What’s going on around here?
My name is Robert Bruce. I file an unusually short, original story to the Internet daily, from the rain and sun of Oregon’s wine country.
If you’re into Mamet, Chandler, or Bukowski, this stuff might work for you.
How do I contact you?
I am likely the worst correspondent in the history of the Internet, but if you want to go it anyway …
P.O. Box 331
Are your stories fact or fiction?
Nothing I write is true of anyone, dead or alive.
Everything I write is true of everyone, dead and alive.
What motivates you to write?
My stomach and my grave.
Where can I buy your books, bumper stickers, t-shirts, and mugs?
I don’t make books, bumper stickers, t-shirts, or mugs.
If you don’t sell anything or run ads, how do you make money on this stuff?
I don’t make money on this stuff.
What’s with this “unusually short” thing? Why don’t you write real stories?
I am an impatient man who admires well-executed brevity.
Aren’t literary readings boring, navel-gazing, pseudo-intellectual con games?
But, for $10,000 + expenses, I’ll fly in and give you one that plainly isn’t.
Yes, that $10,000 price tag is intended to keep me at home — and in my bathrobe — at all times.
What are your hobbies?
I’m an expert with a Remington 12-gauge shotgun, in close quarters.
What’s your drink?
Any grape from The Four Graces.
No, I was not paid to write that. Though I should’ve been.
Why don’t you host comments, reply to tweets, emails, or phone calls? Are you some kind of arrogant prick?

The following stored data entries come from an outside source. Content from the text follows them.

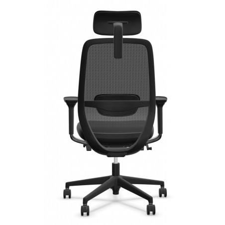- Oparcie i zagłówek z siatki EMD: Wysokie, ergonomicznie wyprofilowane oparcie oraz regulowany zagłówek wykonane są z elastycznej siatki EMD w kolorze czarnym. Siatka ta gwarantuje doskonałą cyrkulację powietrza, zapobiegając przegrzewaniu się pleców, a jej sprężystość dynamicznie dopasowuje się do ruchów użytkownika. Zagłówek jest tapicerowany, co zwiększa komfort podparcia głowy.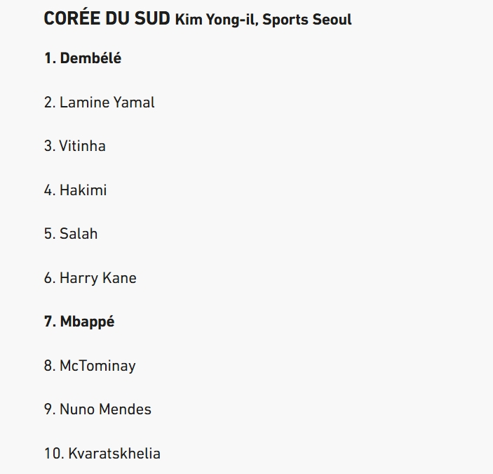 韩国《首尔体育》记者Kim Yong-il金球奖投票: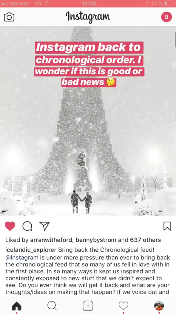 “Instagram возвращается к хронологическому порядку. Не знаю, хорошая это новость или нет".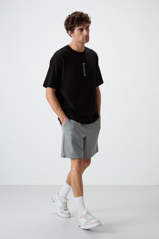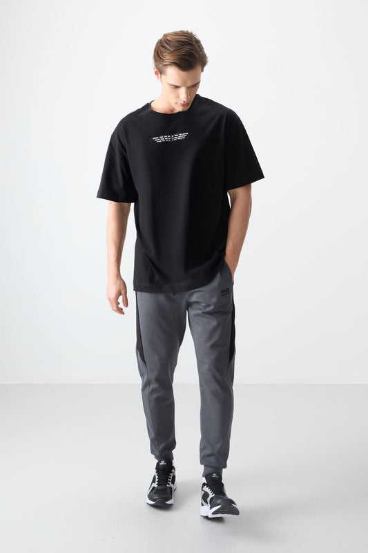 Black - Anthracite Cotton Thick Soft Textured Oversize Fit Printed Men's T-Shirt - 88321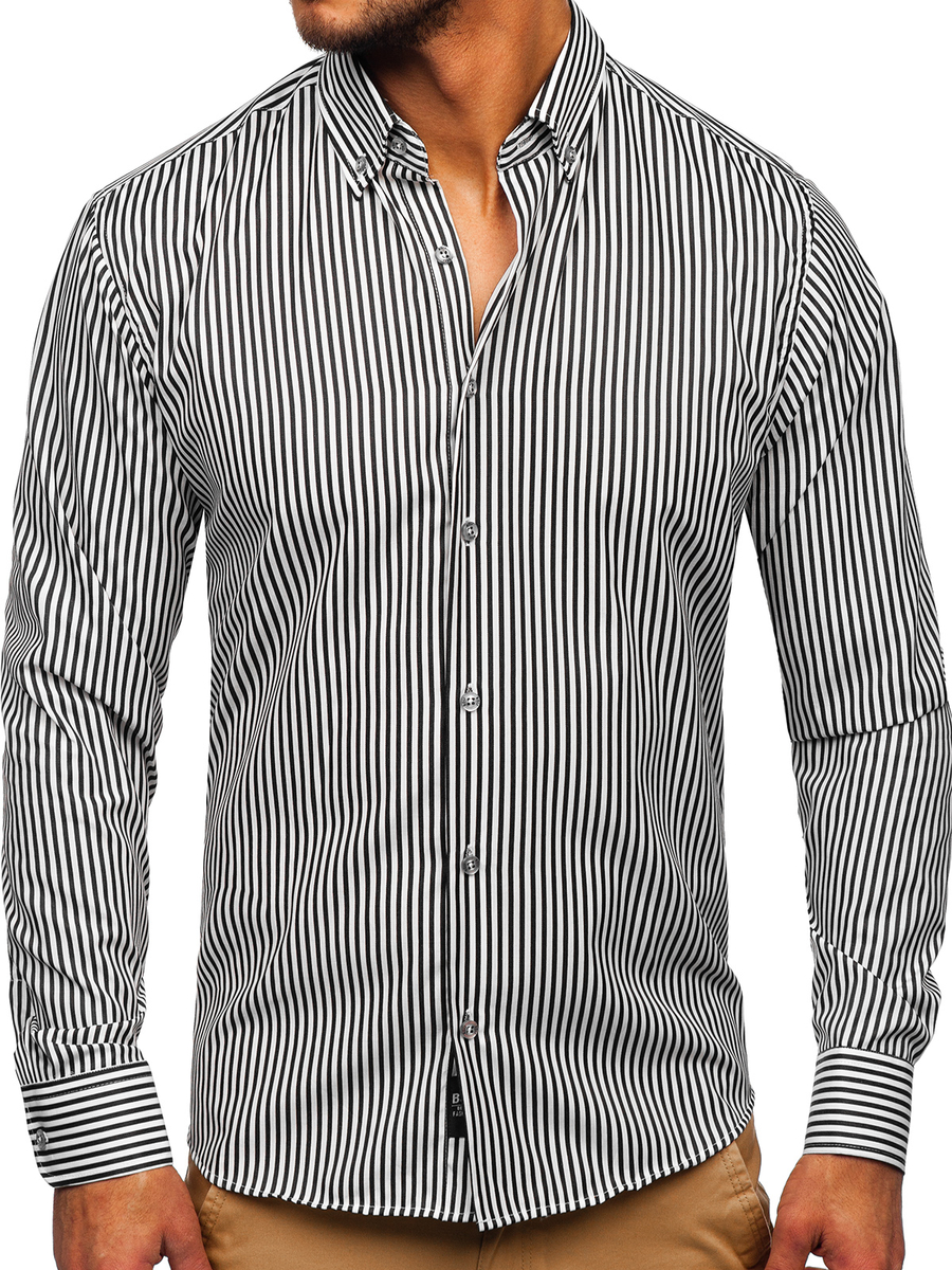 A felhasználók véleménye Hosszú ujjú csíkos férfiing fekete színben Bolf 20726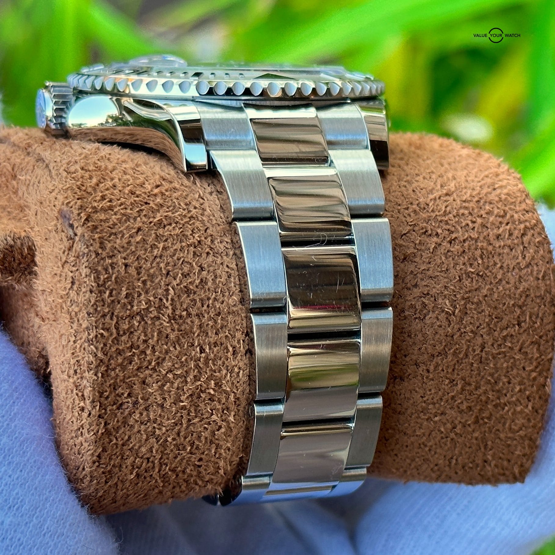 This watch is in fantastic overall pre-owned condition. Slight scratches on the clasp and bracelet has that can only be seen under harsh lighting (see photos). No scratches on the sapphire crystal and the case and bezel are in amazing condition.

But, like you, I work a real job, have a dog, two chickens, and listen to a lot of radio.
I need the few moments left at the end of the day to write these little stories, cut my toenails, drink a beer, and get to the dentist.
What are other people saying about your work?
You’ve taken Carver, O’Conner, and Chandler down to the bone. Amazing.
- Shawn McBride
Short stories by Robert Bruce. Really short stories. Trust me: you can imagine a movie based on each sentence.
- James Lileks, Star Tribune
What a superb use of my time.
- Greg MacDonald
I wish I could get the last 30 seconds of my life back. Unsubscribed.
- Former Reader
Robert Bruce has the best one-liners on Twitter.
- Pete Orta
Robert is slightly demented. It amuses me.
- Terry LeCroix
Obsessed with Robert Bruce. Little micro-stories of goodness. Very Lydia Davis. Except more morbid. Even better.
- Ashley Marie
This is badass. I like you, Robert Bruce.
- Chris Brogan
… the best Twitter account ever.
- Andrea Ball
I haven’t read much this guys stuff – from what seen it’s meh.
I worship Robert Bruce.
- Prince Campbell
- Brian Clark
These are NOT stories. These are sentences. What a joke.
- Former Reader
OK, what if I want to try your stuff on for size?
If these little stories do anything to you or for you … get them delivered (no charge) via email.
Designed by Brian Gardner.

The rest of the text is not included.